Objective: Hypoglycemia is a frequent and potentially dangerous event among patients with diabetes mellitus type 1. Subcutaneous glucagon is an emergency treatment to counteract severe hypoglycemia. The effect of intraperitoneal glucagon delivery is sparsely studied. We performed a direct comparison of the blood glucose response following intraperitoneally, subcutaneously and intravenously administered glucagon.
Research Design And Methods: This is a prospective, randomized, controlled, open-label, crossover trial in 20 octreotide-treated rats. Three interventions, 1 week apart, in a randomized order, were done in each rat. All 20 rats were given intraperitoneal and subcutaneous glucagon injections, from which 5 rats were given intravenous glucagon injections and 15 rats received placebo (intraperitoneal isotonic saline) injection. The dose of glucagon was 5 µg/kg body weight for all routes of administration. Blood glucose levels were measured before and until 60 min after the glucagon/placebo injections.

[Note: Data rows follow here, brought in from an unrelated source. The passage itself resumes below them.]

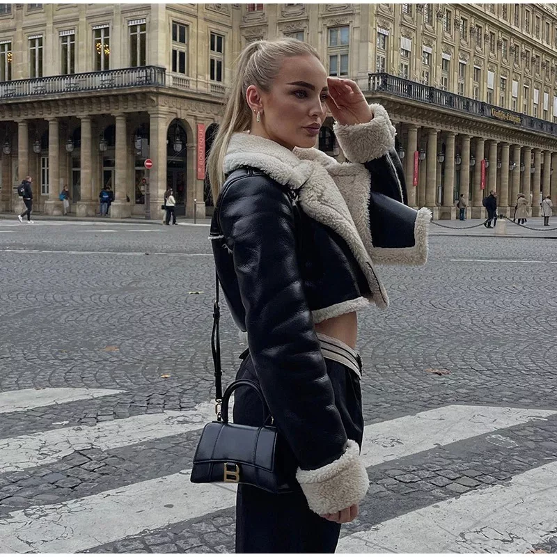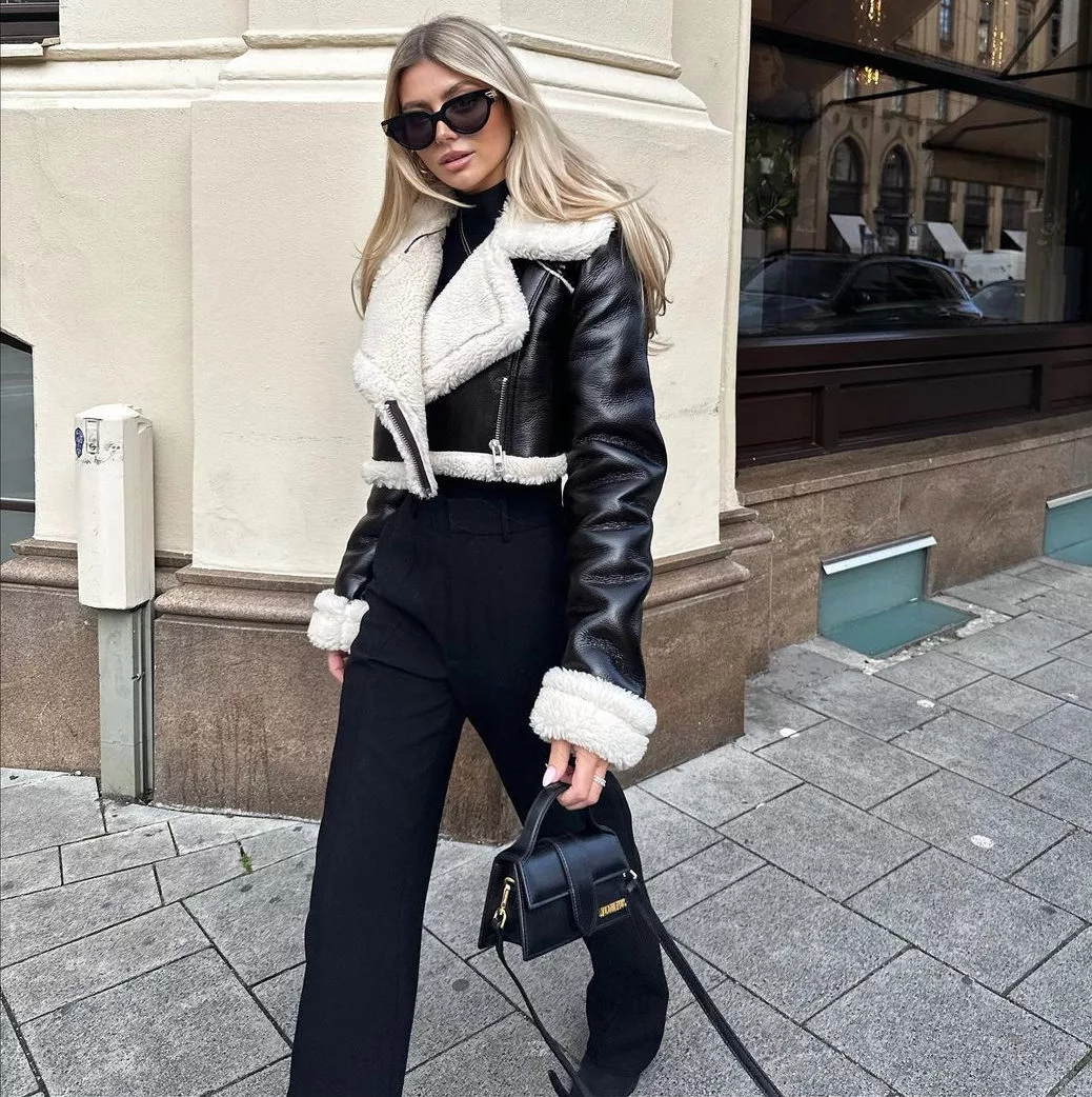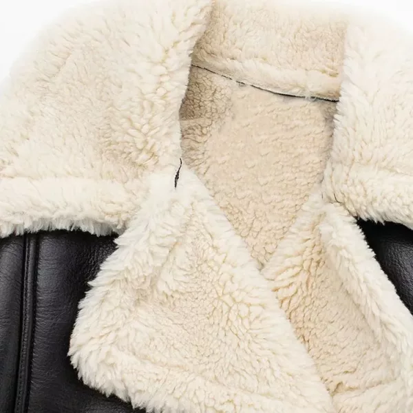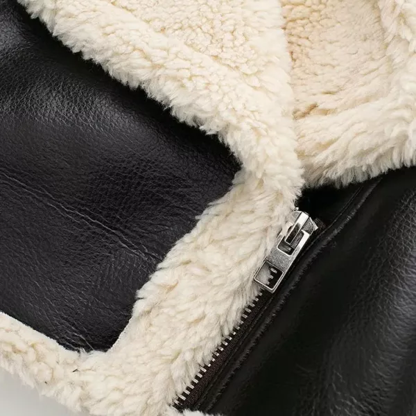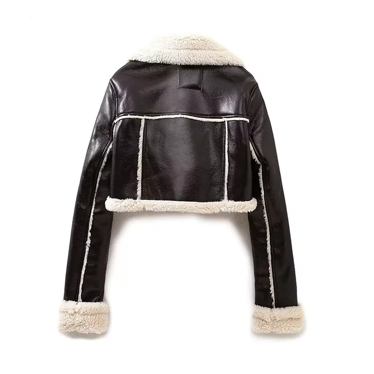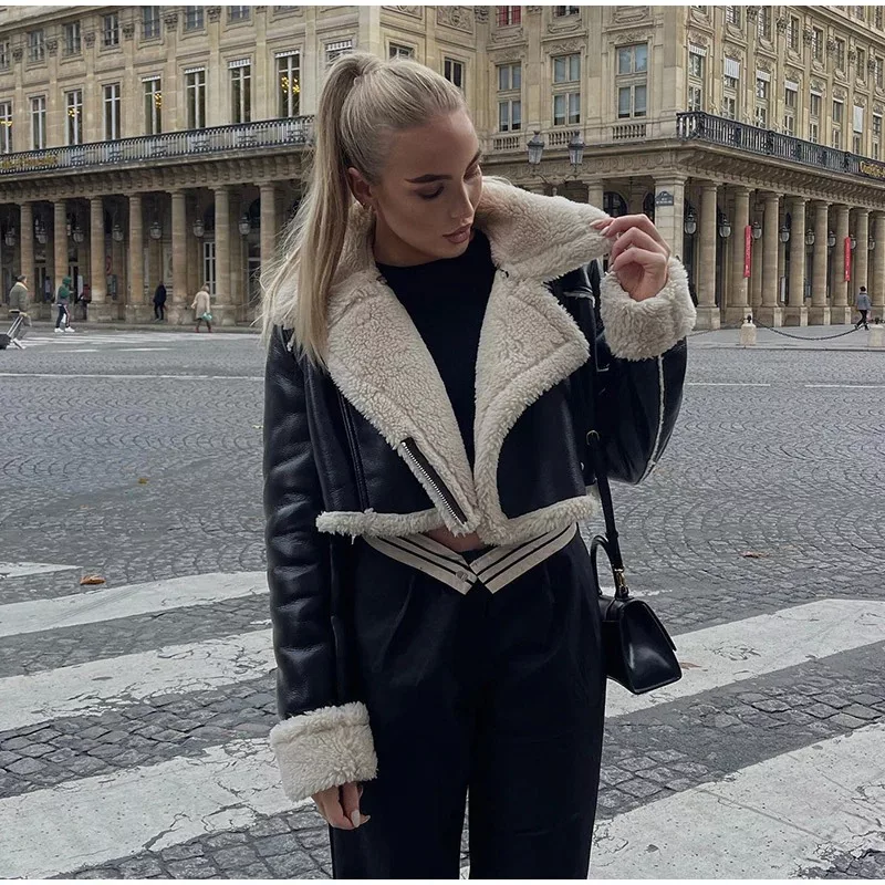 This borg-lined faux leather aviator jacket features a vintage lapel, front zipper, and cropped design for a stylish and cozy look.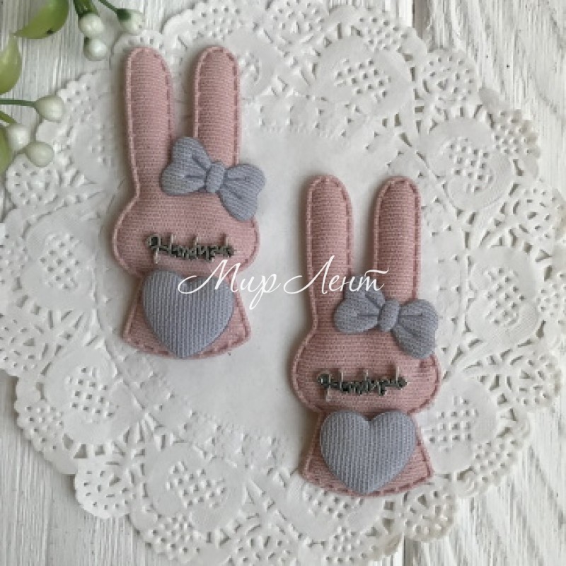 Аплікація тканинна зайчик із серцем, 6х2,8 см, пудровий, шт.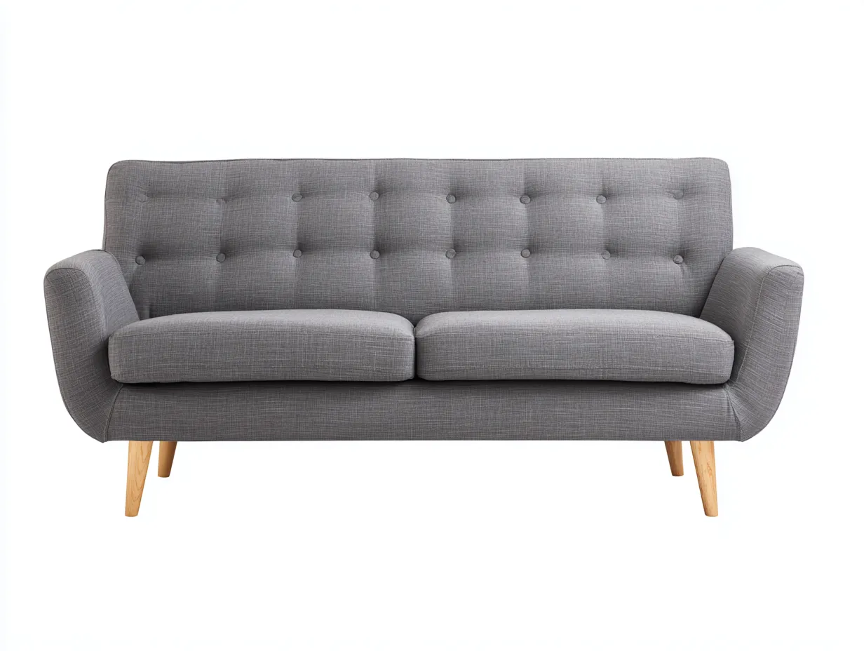 Sofá de 2 plazas de tela gris claro con respaldo capitoné y patas de madera 168 x 84 x 86 cm - para salón - estilo escandinavo contemporáneo

Results: Compared with placebo-treated rats, a significant increase in blood glucose was observed 4 min after intraperitoneal glucagon administration (p=0.009), whereas after subcutaneous and intravenous glucagon administration significant increases were seen after 8 min (p=0.002 and p<0.001, respectively). In intraperitoneally treated compared with subcutaneously treated rats, the increase in blood glucose was higher after 4 min (p=0.019) and lower after 40 min (p=0.005) and 50 min (p=0.011). The maximum glucose response occurred earlier after intraperitoneal compared with subcutaneous glucagon injection (25 min vs 35 min; p=0.003).
Conclusions: Glucagon administered intraperitoneally gives a faster glucose response compared with subcutaneously administered glucagon in rats. If repeatable in humans, the more rapid glucose response may be of importance in a dual-hormone artificial pancreas using the intraperitoneal route for administration of insulin and glucagon.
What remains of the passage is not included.